Problem details:
In the records that follow, the lines from the one containing "Posádka bombardéru B-24" to the one containing "k 765. bombardovací", inclusive, are to be given again exactly.

Data to examine:
# # #

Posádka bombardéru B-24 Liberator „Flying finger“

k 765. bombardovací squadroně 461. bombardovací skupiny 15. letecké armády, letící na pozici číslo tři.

# # #

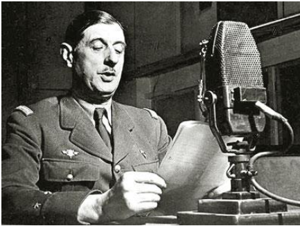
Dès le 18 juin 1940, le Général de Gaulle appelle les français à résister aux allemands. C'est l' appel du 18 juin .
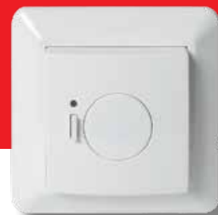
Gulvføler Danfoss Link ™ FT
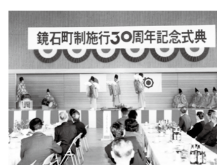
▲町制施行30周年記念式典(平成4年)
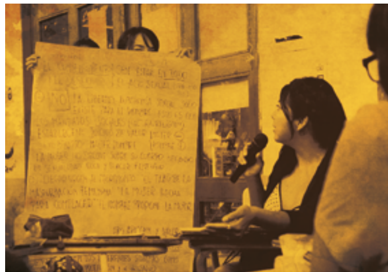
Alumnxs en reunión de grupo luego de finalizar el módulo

# # #

Response below:
Posádka bombardéru B-24 Liberator „Flying finger“

k 765. bombardovací squadroně 461. bombardovací skupiny 15. letecké armády, letící na pozici číslo tři.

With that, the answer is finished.